#### [What the task asks]
What is needed is a word-for-word copy of the lines below from the one with "- [WIDE APPLICATION]Translucent" through the one with "ထိုသို့ ဆောင်ရွက်ပေးလျက်ရှိရာ ယနေ့တွင်", both included, with every picture left out.

#### [Records provided]
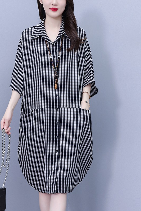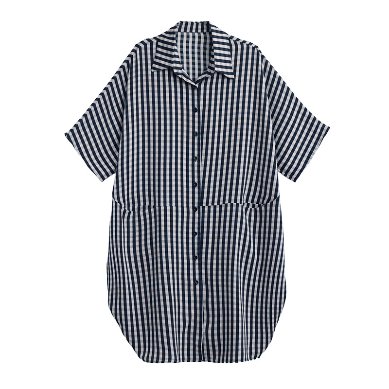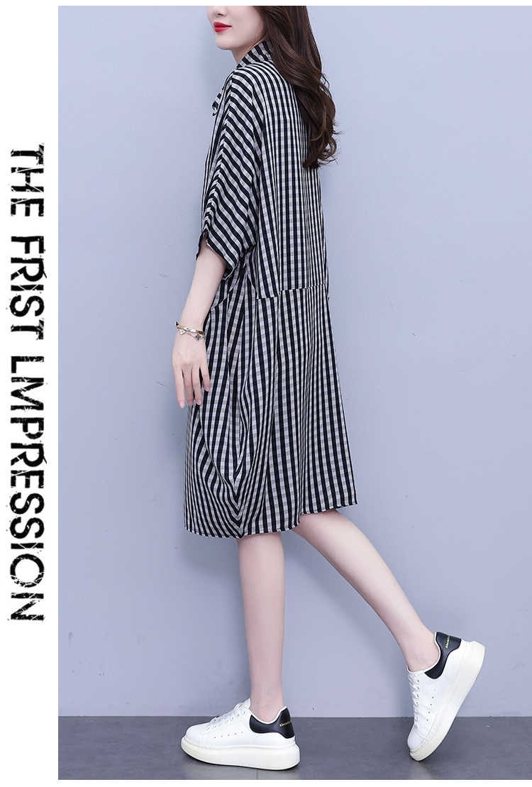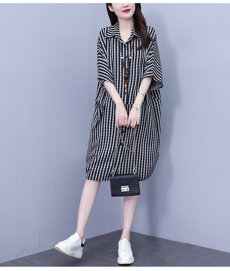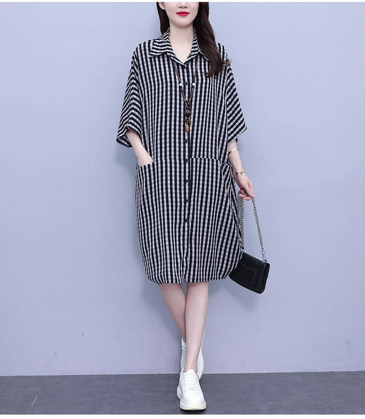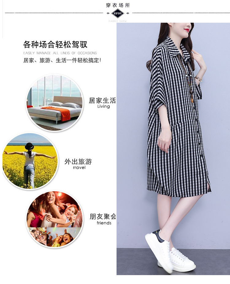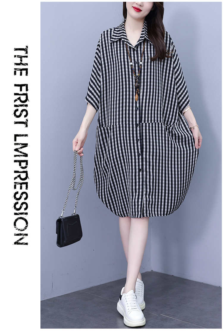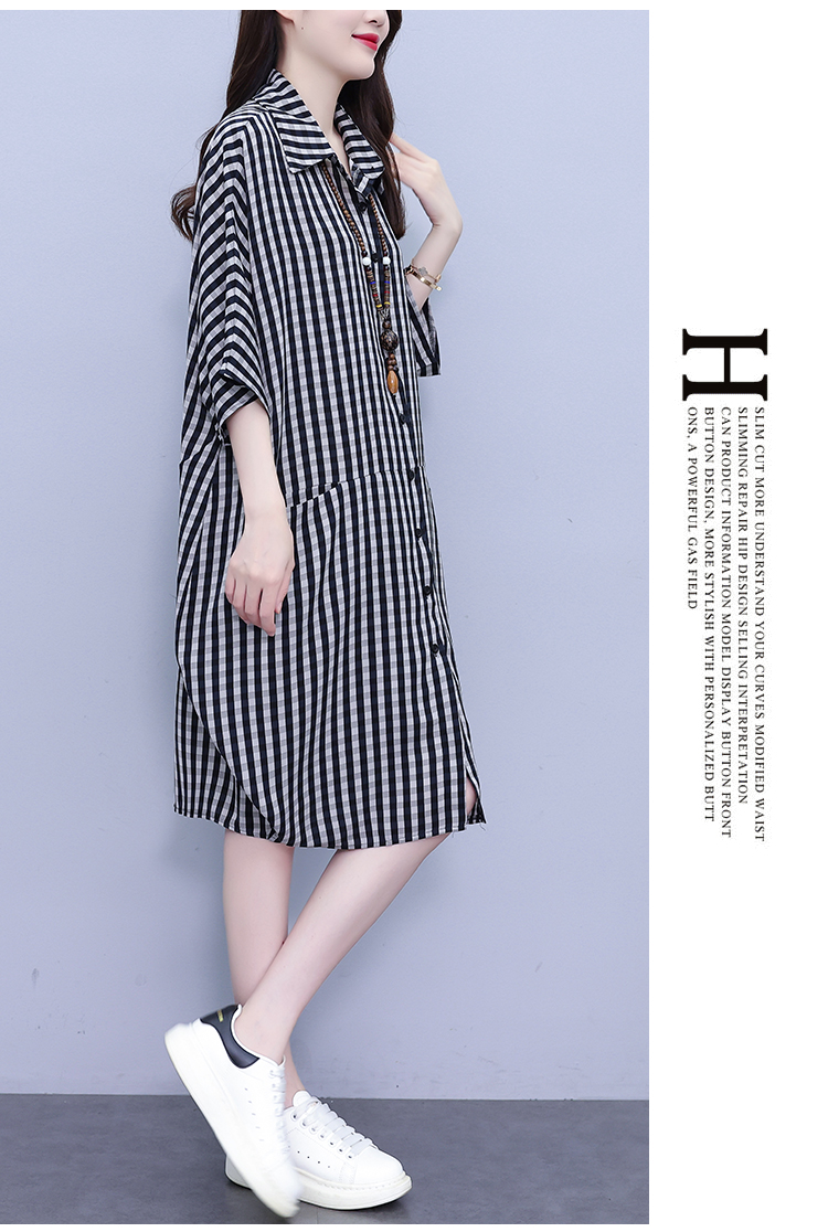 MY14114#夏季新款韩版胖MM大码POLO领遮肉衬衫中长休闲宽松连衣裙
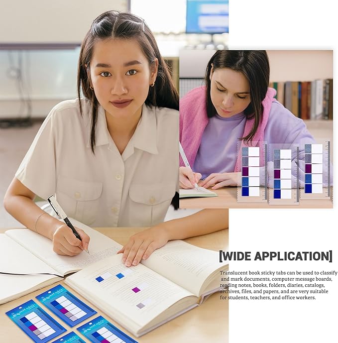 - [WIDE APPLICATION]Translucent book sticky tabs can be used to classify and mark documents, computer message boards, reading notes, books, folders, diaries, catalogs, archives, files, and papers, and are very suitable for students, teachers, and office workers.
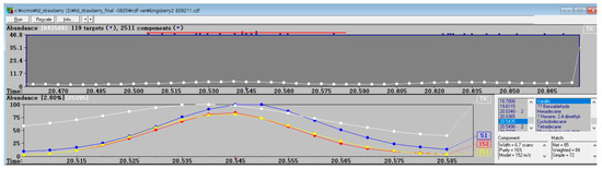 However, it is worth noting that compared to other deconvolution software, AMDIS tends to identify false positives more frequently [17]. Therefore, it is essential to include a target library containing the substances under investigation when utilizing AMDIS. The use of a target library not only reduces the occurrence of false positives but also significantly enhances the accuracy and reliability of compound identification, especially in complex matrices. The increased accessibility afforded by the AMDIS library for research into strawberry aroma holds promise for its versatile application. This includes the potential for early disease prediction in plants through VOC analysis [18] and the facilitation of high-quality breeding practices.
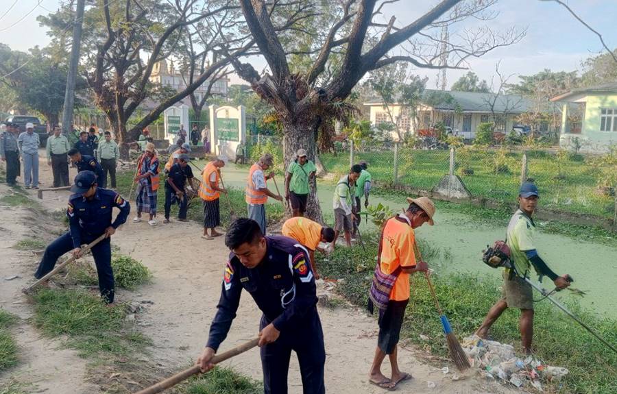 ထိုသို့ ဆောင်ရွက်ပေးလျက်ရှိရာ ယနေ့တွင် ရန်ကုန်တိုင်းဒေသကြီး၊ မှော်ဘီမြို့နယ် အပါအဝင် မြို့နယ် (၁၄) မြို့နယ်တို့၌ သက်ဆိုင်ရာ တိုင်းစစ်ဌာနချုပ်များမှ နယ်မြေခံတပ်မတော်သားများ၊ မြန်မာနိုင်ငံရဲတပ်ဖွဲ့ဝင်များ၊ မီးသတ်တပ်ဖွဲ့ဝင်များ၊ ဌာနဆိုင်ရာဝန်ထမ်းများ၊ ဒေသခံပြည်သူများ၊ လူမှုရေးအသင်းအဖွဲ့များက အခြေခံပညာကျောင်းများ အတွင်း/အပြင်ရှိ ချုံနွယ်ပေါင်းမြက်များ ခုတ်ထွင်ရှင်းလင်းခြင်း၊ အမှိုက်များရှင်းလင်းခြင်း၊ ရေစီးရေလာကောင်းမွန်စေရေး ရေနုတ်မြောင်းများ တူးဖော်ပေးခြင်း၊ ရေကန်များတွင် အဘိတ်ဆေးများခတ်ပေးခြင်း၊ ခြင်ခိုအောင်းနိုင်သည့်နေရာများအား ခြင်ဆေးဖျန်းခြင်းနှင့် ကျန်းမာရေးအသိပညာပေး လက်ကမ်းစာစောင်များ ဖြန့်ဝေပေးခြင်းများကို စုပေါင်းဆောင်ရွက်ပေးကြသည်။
--
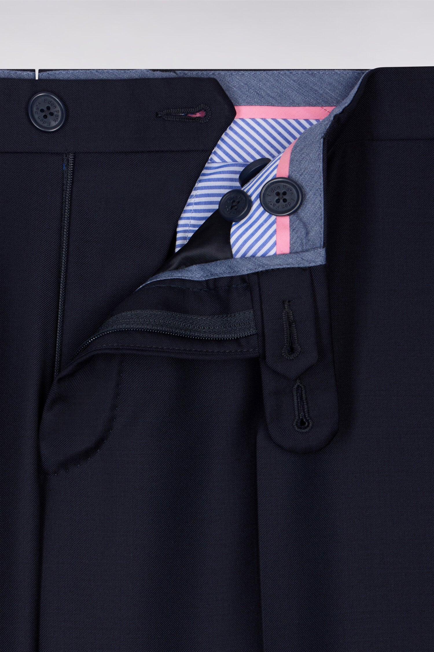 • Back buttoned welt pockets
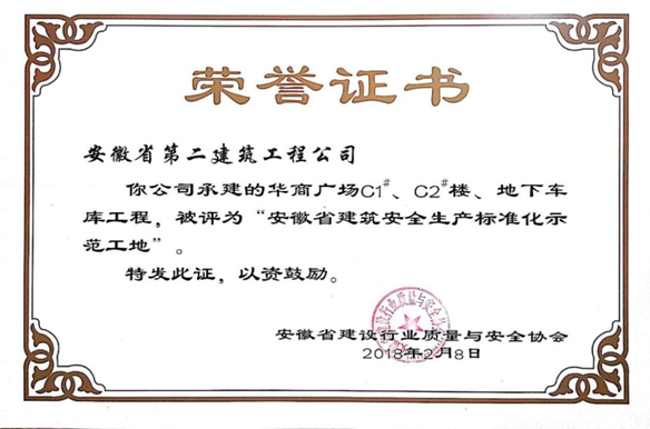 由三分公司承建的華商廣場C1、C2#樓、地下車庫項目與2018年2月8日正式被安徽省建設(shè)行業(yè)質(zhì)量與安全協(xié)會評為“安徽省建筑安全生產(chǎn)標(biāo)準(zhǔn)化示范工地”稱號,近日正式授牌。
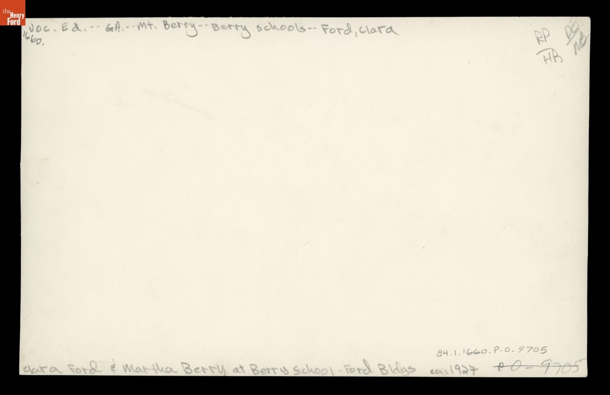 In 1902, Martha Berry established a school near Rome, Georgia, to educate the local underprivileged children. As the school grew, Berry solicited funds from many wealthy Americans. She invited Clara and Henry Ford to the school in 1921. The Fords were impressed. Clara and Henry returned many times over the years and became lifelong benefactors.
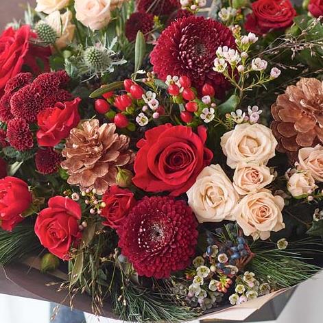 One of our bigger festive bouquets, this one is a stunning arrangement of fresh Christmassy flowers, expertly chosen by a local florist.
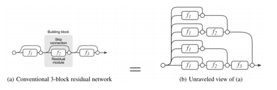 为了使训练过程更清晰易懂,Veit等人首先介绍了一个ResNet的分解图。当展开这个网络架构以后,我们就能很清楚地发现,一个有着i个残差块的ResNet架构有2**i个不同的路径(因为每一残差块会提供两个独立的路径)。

#### [Result of this exercise]
 - [WIDE APPLICATION]Translucent book sticky tabs can be used to classify and mark documents, computer message boards, reading notes, books, folders, diaries, catalogs, archives, files, and papers, and are very suitable for students, teachers, and office workers.
 However, it is worth noting that compared to other deconvolution software, AMDIS tends to identify false positives more frequently [17]. Therefore, it is essential to include a target library containing the substances under investigation when utilizing AMDIS. The use of a target library not only reduces the occurrence of false positives but also significantly enhances the accuracy and reliability of compound identification, especially in complex matrices. The increased accessibility afforded by the AMDIS library for research into strawberry aroma holds promise for its versatile application. This includes the potential for early disease prediction in plants through VOC analysis [18] and the facilitation of high-quality breeding practices.
 ထိုသို့ ဆောင်ရွက်ပေးလျက်ရှိရာ ယနေ့တွင် ရန်ကုန်တိုင်းဒေသကြီး၊ မှော်ဘီမြို့နယ် အပါအဝင် မြို့နယ် (၁၄) မြို့နယ်တို့၌ သက်ဆိုင်ရာ တိုင်းစစ်ဌာနချုပ်များမှ နယ်မြေခံတပ်မတော်သားများ၊ မြန်မာနိုင်ငံရဲတပ်ဖွဲ့ဝင်များ၊ မီးသတ်တပ်ဖွဲ့ဝင်များ၊ ဌာနဆိုင်ရာဝန်ထမ်းများ၊ ဒေသခံပြည်သူများ၊ လူမှုရေးအသင်းအဖွဲ့များက အခြေခံပညာကျောင်းများ အတွင်း/အပြင်ရှိ ချုံနွယ်ပေါင်းမြက်များ ခုတ်ထွင်ရှင်းလင်းခြင်း၊ အမှိုက်များရှင်းလင်းခြင်း၊ ရေစီးရေလာကောင်းမွန်စေရေး ရေနုတ်မြောင်းများ တူးဖော်ပေးခြင်း၊ ရေကန်များတွင် အဘိတ်ဆေးများခတ်ပေးခြင်း၊ ခြင်ခိုအောင်းနိုင်သည့်နေရာများအား ခြင်ဆေးဖျန်းခြင်းနှင့် ကျန်းမာရေးအသိပညာပေး လက်ကမ်းစာစောင်များ ဖြန့်ဝေပေးခြင်းများကို စုပေါင်းဆောင်ရွက်ပေးကြသည်။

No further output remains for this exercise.